World AIDS Day will be next month on December 1, as usual. This year's theme is 'Universal Access and Human Rights.' Here're some good resources for helping to get the word out:
- AIDS.gov, World AIDS Day - December 1, 2009 has some great online and offline options for helping publicize and educate.
- The U.S. Department of Health and Human Services HIV/AIDS Awareness Days site shows that World AIDS Day is just one of several days selected to raise awareness of this illness.
- AVERT.org has some cute educational games you can play online to help test your own knowledge, as well as learn more.
- The World AIDS Campaign has some multilingual posters and postcards you can download and use.
One especially bright point was this excerpt, which announced the end of the unreasonable HIV/AIDS travel ban:
"Twenty-two years ago, in a decision rooted in fear rather than fact, the United States instituted a travel ban on entry into the country for people living with HIV/AIDS. Now, we talk about reducing the stigma of this disease -- yet we've treated a visitor living with it as a threat. We lead the world when it comes to helping stem the AIDS pandemic -- yet we are one of only a dozen countries that still bar people from HIV from entering our own country.

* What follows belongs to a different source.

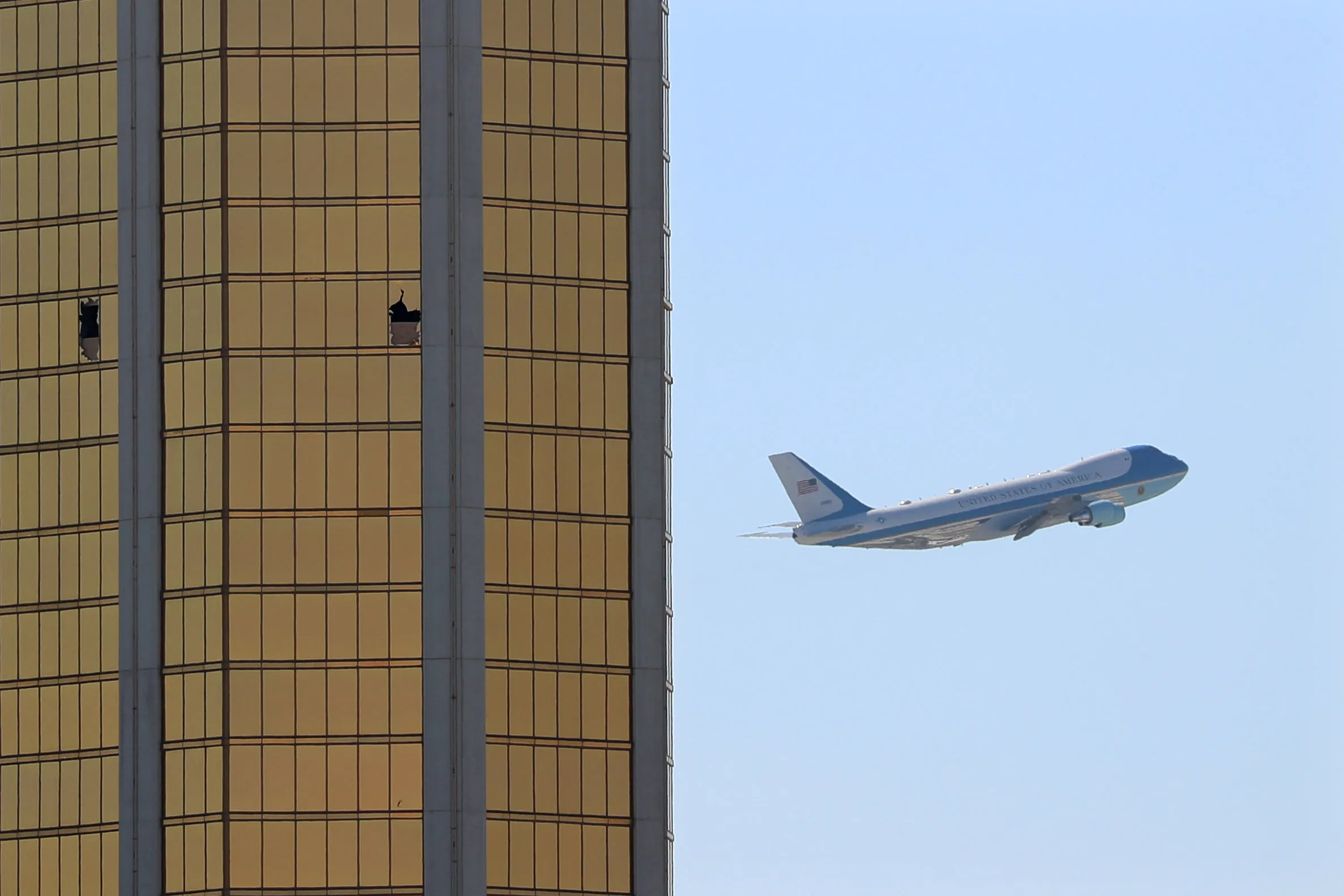 Air Force One departs Las Vegas past the broken windows on the Mandalay Bay hotel, where shooter Stephen Paddock conducted his mass shooting along the Las Vegas Strip in Las Vegas, Nevada, U.S., October 4, 2017. (Photo by Mike Blake/Reuters)

If we want to be the global leader in combating HIV/AIDS, we need to act like it.
And that's why, on Monday my administration will publish a final rule that eliminates the travel ban effective just after the New Year. Congress and President Bush began this process last year, and they ought to be commended for it. We are finishing the job. It's a step that will encourage people to get tested and get treatment, it's a step that will keep families together, and it's a step that will save lives."
Finally, just last week French researchers published the successful findings of a revolutionary gene therapy that used a disable version of HIV to treat a fatal brain disease. This development is amazingly exciting(/scary!), and a great example of making lemonade from the ultimate lemons.
There's still a ways to go in removing the stigma from HIV/AIDS and developing treatments, but by spreading information and raising awareness, we all contribute to an eventual cure.
(And we still encourage you to get a Red Ribbon specialty license plate to help raise awareness and support the Alliance of AIDS Services-Carolinas.)